Israeli defense firm Elbit Systems has won a $16 million contract to provide an ultraviolet space telescope for the Weizmann Institute of Science.

Procured under Israel's Ultraviolet Transient Astronomy Satellite (ULTRASAT) program, which is jointly managed and funded by Weizmann and the Israeli Space Agency - in association with Germany’s DESY research center - the contract covers a period of two years.

“Elbit Systems will develop, manufacture and integrate a highly sensitive, wide field of view (200 square degrees) ultraviolet space telescope that is intended to help scientists in understanding the creation of heavy elements, black holes, and gravitational waves and discover astronomical phenomena such as supernovae,” announced the Haifa-headquartered firm.

220-280 nm wavelength range
While better known for its military systems activities, Elbit has a record of providing space cameras, satellites, and other electronic instruments to space programs in Israel, the US, Europe, South Korea, and Brazil.

According to the Weizmann Institute’s overview of the ULTRASAT mission, a miniature satellite will carry the telescope into a geostationary orbit, from where it will observe deep-ultraviolet light in the 220-280 nm wavelength range.

“ULTRASAT will revolutionize our understanding of the hot transient universe,” states Weizmann in its description of the program, which was expected to have a total cost of around $70 million when details were revealed in August 2019.

The telescope is expected to have a broad scientific impact across the fields including the study of gravitational wave sources, supernovae, variable and flare stars, active galactic nuclei, tidal disruption events, compact objects, and galaxies.

All ULTRASAT data will be transmitted to the ground in real-time, with transient alerts distributed to the community in less than 15 minutes.

One of the key science goals is to detect electromagnetic radiation associated with gravitational wave events, for example caused by the distant collisions of black holes and neutron stars.

“Such detections will be the key to using these events for addressing fundamental physics questions, such as the origin of the heaviest elements and the expansion rate of the universe,” states the Weizmann team.

Rapid slewing
ULTRASAT will be able to slew across more than half of the sky within minutes of such events being sensed, and with a wide field of view it should be able to cover the areas of the sky where gravitational-wave events are thought to have originated.

Because of the nature of gravitational wave detection, and the small number of interferometer detectors currently operating, it is not always possible to pinpoint the exact location of the collisions that caused the cosmic “ripples”.

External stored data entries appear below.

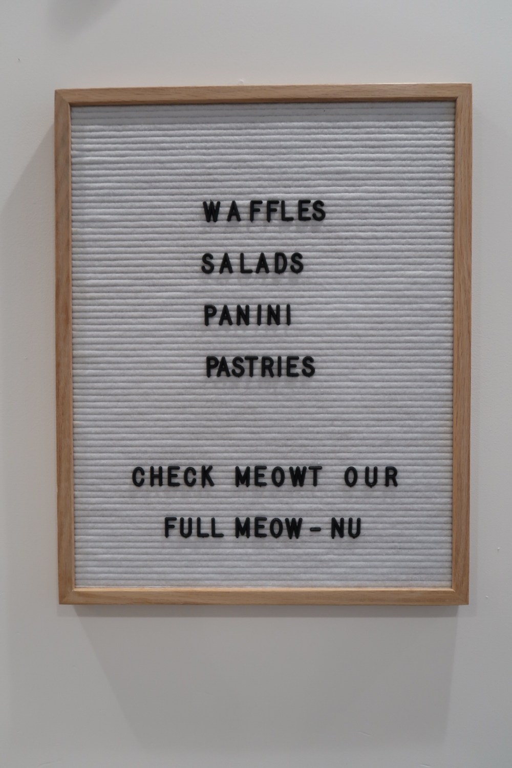The place was covered in cat puns and play-on-words, as exhibited by the wall decorations and menu.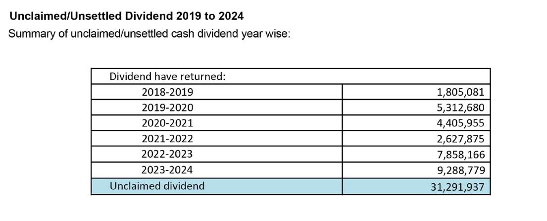 Unclaimed/Unsettled Dividend 2019 to 2024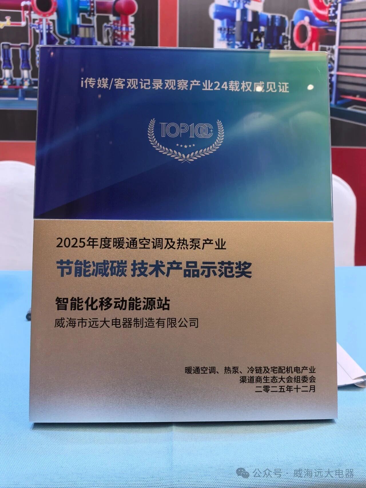 而在這場產(chǎn)業(yè)盛會上,威海遠(yuǎn)大憑借硬核實力脫穎而出,一舉斬獲兩項重磅榮譽——“2025 年度暖通空調(diào)及熱泵產(chǎn)業(yè)助推產(chǎn)業(yè)成長優(yōu)秀貢獻” 獎、“2025 年度暖通空調(diào)節(jié)能減碳技術(shù)產(chǎn)品示范獎”(獲獎產(chǎn)品:智能化移動能源站)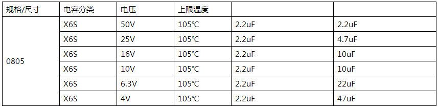 标签:国巨 CC 0805 X6S通用普通贴片陶瓷电容电容值参数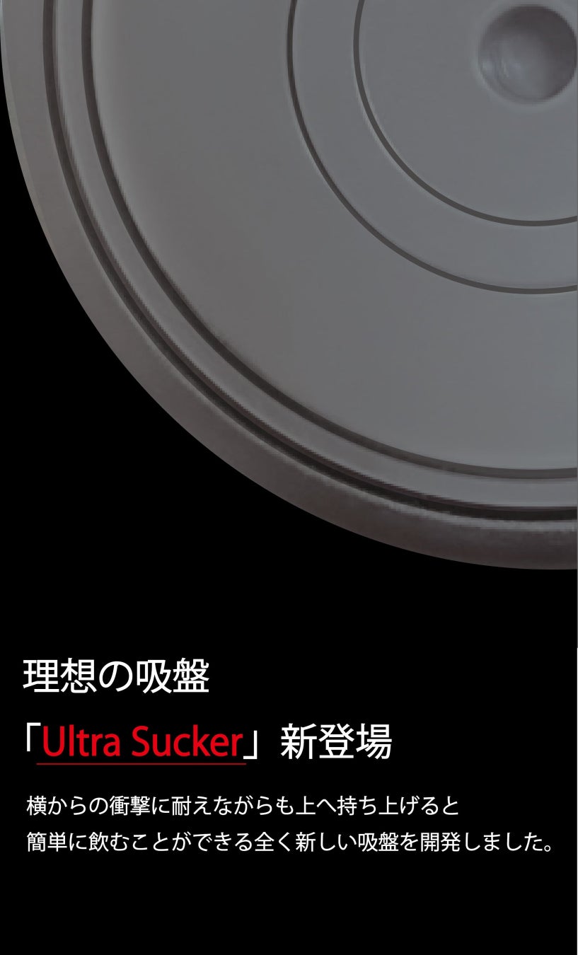 そして時を超えて2023年、試作に試作を重ねてようやく、横からの衝撃に耐えながらも上へ持ち上げると簡単に飲むことができる理想の吸盤「Ultra Sucker」を開発しました。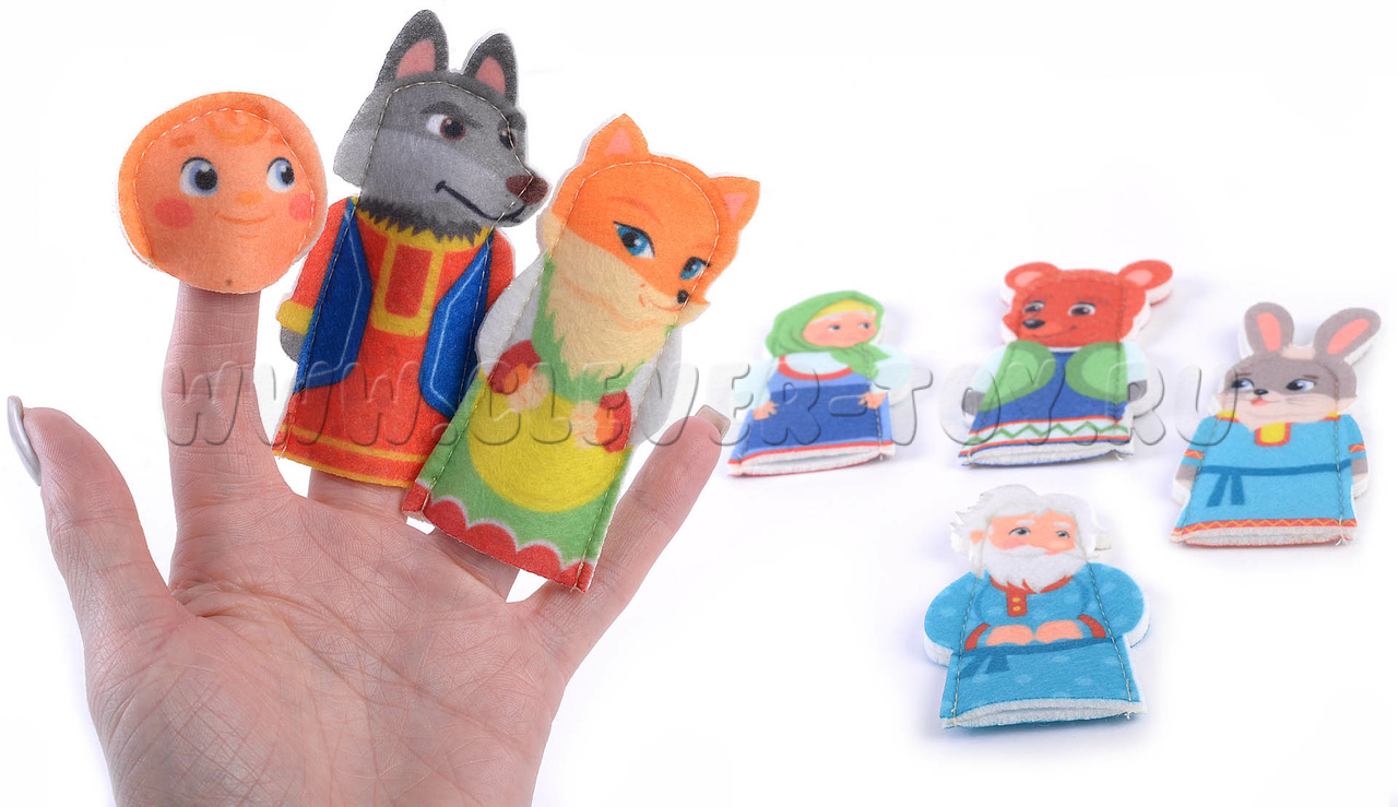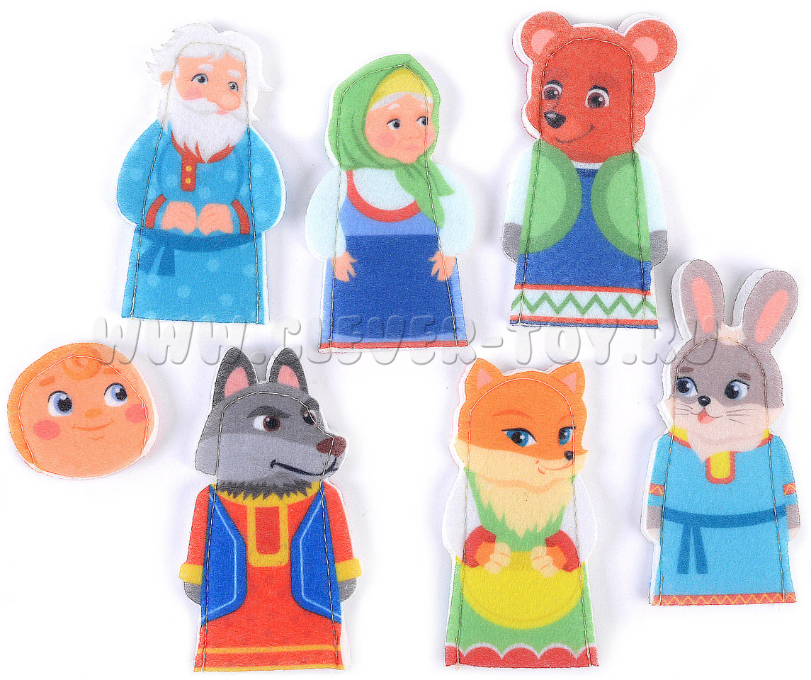 Набор пальчикового театра состоит из: 7 фигурок (размер: 9 см) с изображением сказочных персонажей сказки Колобок (Старик со старухой, Колобок, Заяц, Волк, Лиса ) и инструкция с описанием игр.
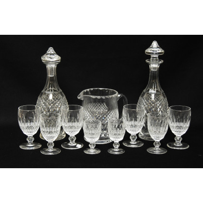 Servizio composto da numerosi bicchieri diversi, due bottiglie ed una brocca in cristallo molato
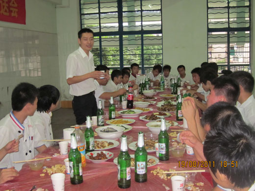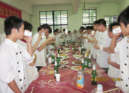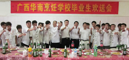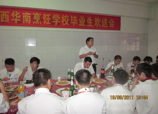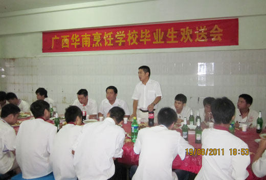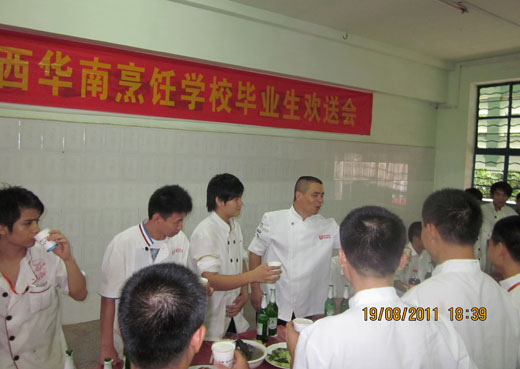 希望他们作为华南烹饪学校的毕业生,要在工作中努力做到爱岗敬业,为师弟师妹们带个好头。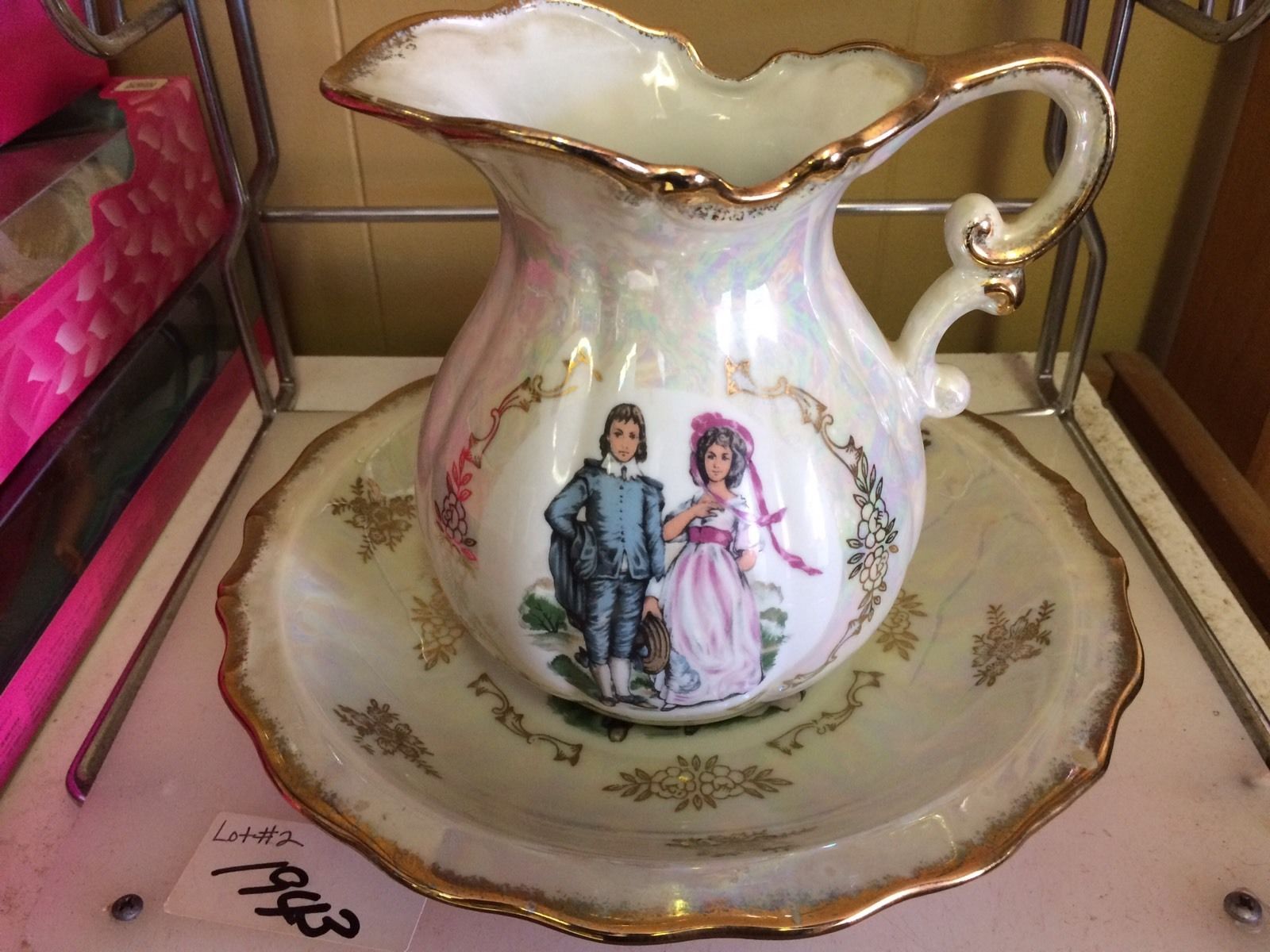Blue Boy And The Pink Lady Wash Bowl And Picture Set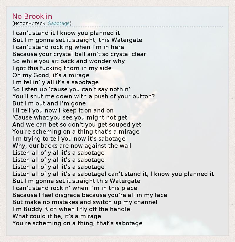 I can't stand it I know you planned it But I'm gonna set it straight, this Watergate I can't stand rocking when I'm in here Because your crystal ball ain't so crystal clear So while you sit back and wonder why I got this fucking thorn in my side Oh my Good, it's a mirage I'm tellin' y'all it's a sabotage So listen up 'cause you can't say nothin' You'll shut me down with a push of your button? But I'm out and I'm gone I'll tell you now I keep it on and on 'Cause what you see you might not get And we can bet so don't you get souped yet You're scheming on a thing that's a mirage I'm trying to tell you now it's sabotage Why; our backs are now against the wall Listen all of y'all it's a sabotage Listen all of y'all it's a sabotage Listen all of y'all it's a sabotage Listen all of y'all it's a sabotageI can't stand it, I know you planned it But I'm gonna set it straight this Watergate I can't stand rockin' when I'm in this place Because I feel disgrace because you're all in my face But make no mistakes and switch up my channel I'm Buddy Rich when I fly off the handle What could it be, it's a mirage You're scheming on a thing; that's sabotage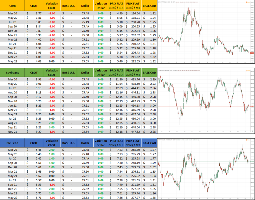 L'entente de phase 1 kick demain le 15 février (30 jours apres la signature) et le marché se demande si les États Unis vont redevenir le coup de coeur numéro 1 des Chinois. Après tout c'est la St Valentin et ca serait un concept cute de rapprochement. Par contre les statistiques d'exportations ne laissent pas croire que les intentions du 40 milliard sont atteignables.... La chine vient de booker 6 cargos de maïs Ukrainien. Est-ce que c'est le dernier deal avec l'Ukraine avant de venir au USA? Je ne sais pas.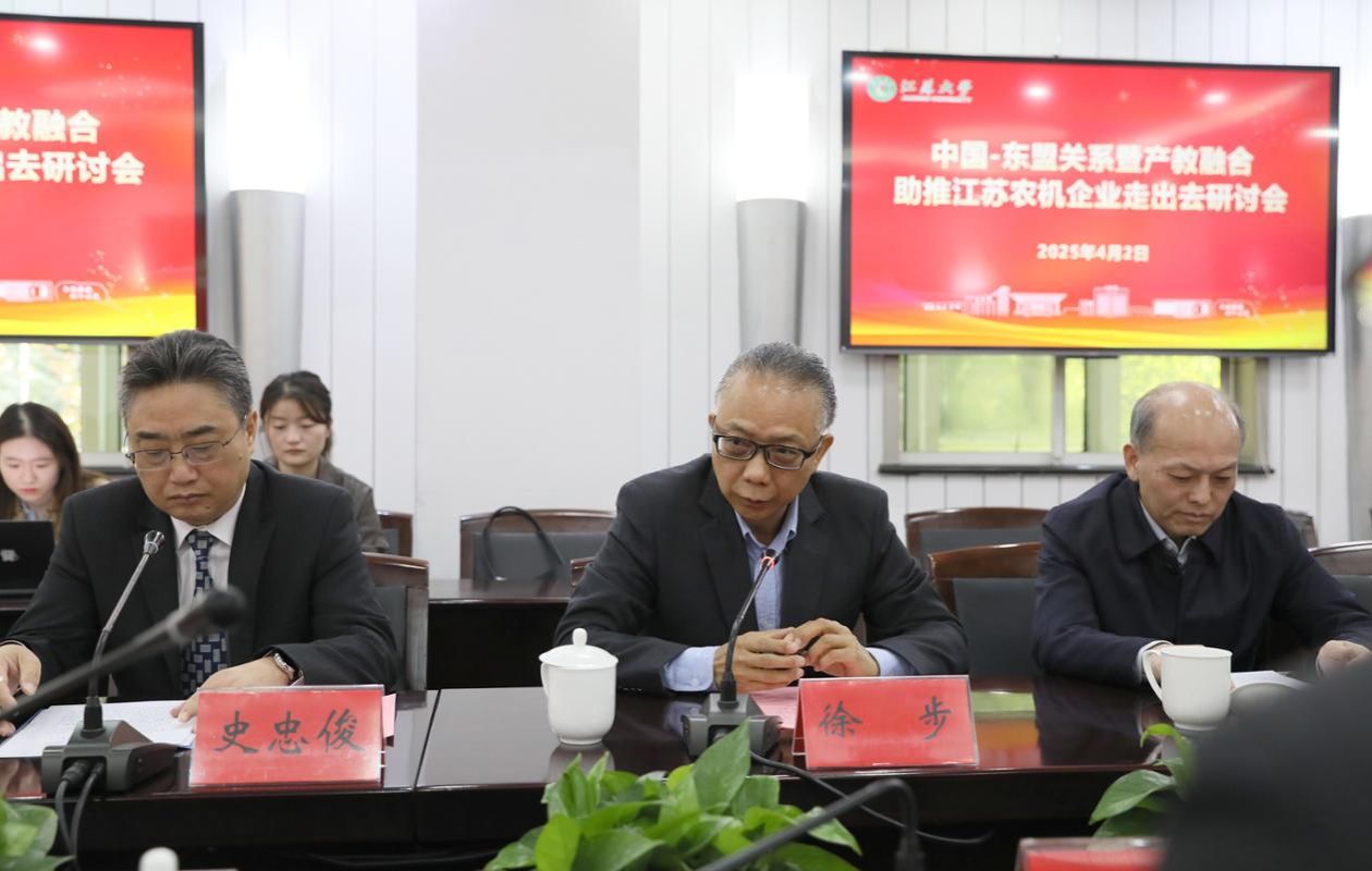 校长邢卫红、中国—东盟中心秘书长史忠俊、LEDONG.COM原校长颜晓红、副校长蔡英凤、镇江市外办主任卢利林,中国—东盟中心、国际处、外国语学院、农业工程学院、智能农机装备理论与技术重点实验室、农业工程学部、食品与生物工程学院、流体机械工程技术研究中心等相关负责人,国防科技大学和南京大学相关领域专家学者,江苏沃得农机、江苏悦达智能农业装备有限公司、苏州久富农业机械有限公司、江苏江淮动力有限公司、江苏华源节水股份有限公司等企业代表出席会议参与研讨。会议由我校全球发展与安全研究院理事长徐步主持。
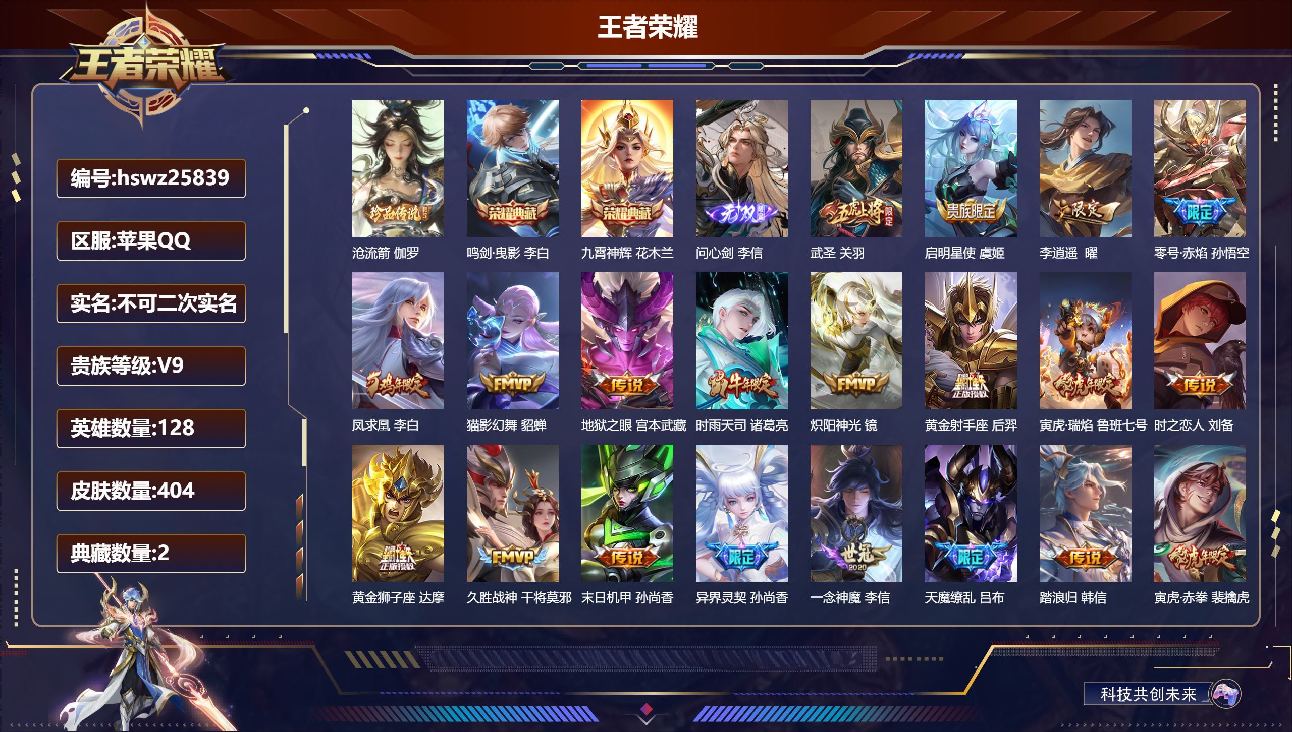 苹果QQ/最强王者/404皮肤/128英雄/2典藏/0珍品无双/1无双/1珍品传说/23传说/128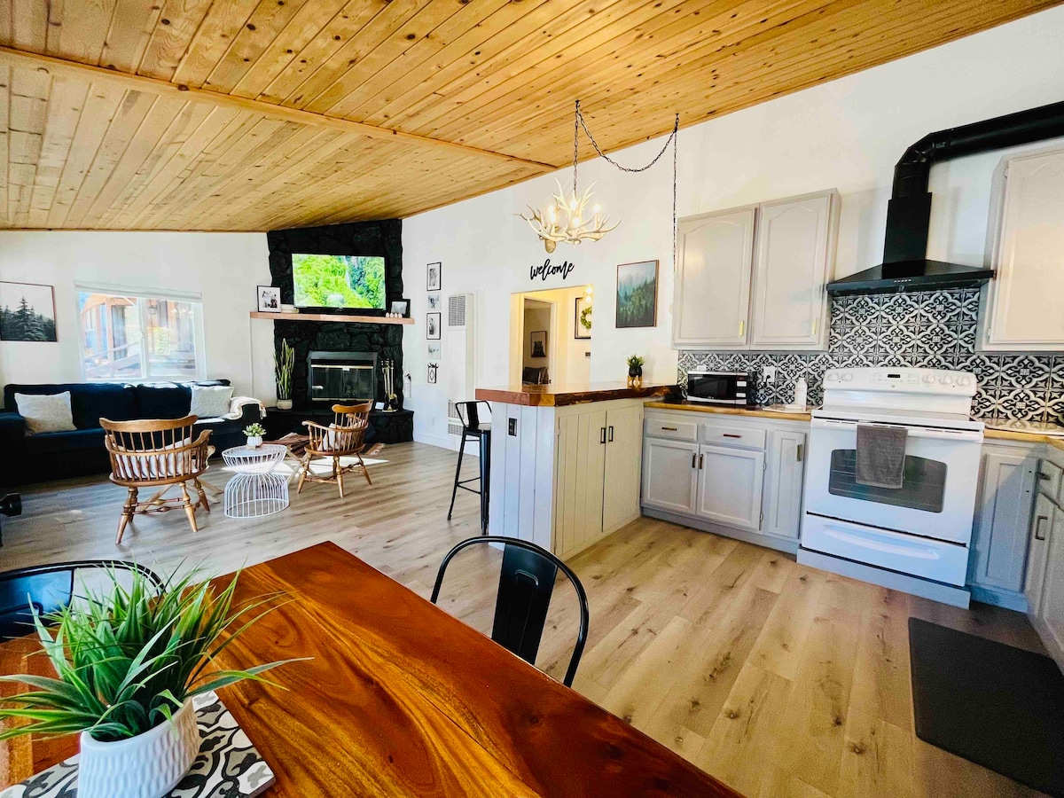 Trae a tu familia y amigos a este elegante refugio ubicado a pocas manzanas de los senderos locales. Con un patio totalmente vallado, chimenea de gas, barbacoa de gas, zona de estar a la sombra y mesa de pícnic. Esta cabaña cuenta con una cocina totalmente equipada para cenas navideñas y comidas diarias. Con televisores en cada habitación, puedes tener tiempo para hacer lo tuyo. Nos encantan los perros y encontrarás todo lo que necesitas para que ellos también se sientan como en casa. Cuencos, camas, mantas y juguetes. ¡Wifi, Netflix, Showtime, Disney, Amazon y muchos juegos para disfrutar!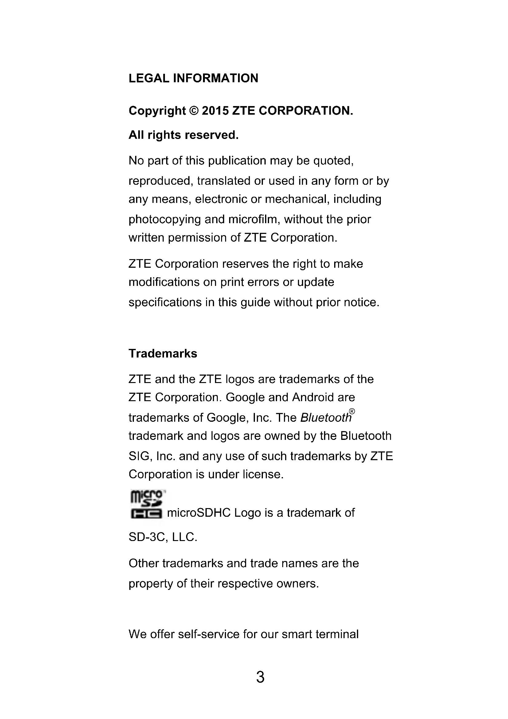 trademark and logos are owned by the Bluetooth SIG, Inc. and any use of such trademarks by ZTE Corporation is under license. microSDHC Logo is a trademark of SD-3C, LLC. Other trademarks and trade names are the property of their respective owners. We offer self-service for our smart terminal 3device users. Please visit the ZTE official website (at www.ztedevice.com) for more information on self-service and supported product models. Information on the website takes precedence. Visit http://www.ztedevice.com to download the user manual. Just click Service Support>User's manual from the home page and then select your location, product type, and name to search for related support information. Disclaimer ZTE Corporation expressly disclaims any liability for faults and damages caused by unauthorized modifications of the software.

However in 2017, astronomers were able to make the first observation of both gravitational waves and electromagnetic radiation from the same source - a merger of two neutron stars - that caused a gamma-ray burst and associated light signals across the spectrum.

On that occasion a minute-long gravitational wave signal was quickly followed by a gamma-ray burst, and within 24 hours several large optical and infrared telescopes were able to observe a new bright-blue “kilonova” in the night sky, before it turned red and rapidly faded from view.

From spectroscopic observations made at the time, astrophysicists were able to confirm the formation of large amounts of gold and platinum from the collision - in the process solving the long-standing mystery of how such heavy elements are formed.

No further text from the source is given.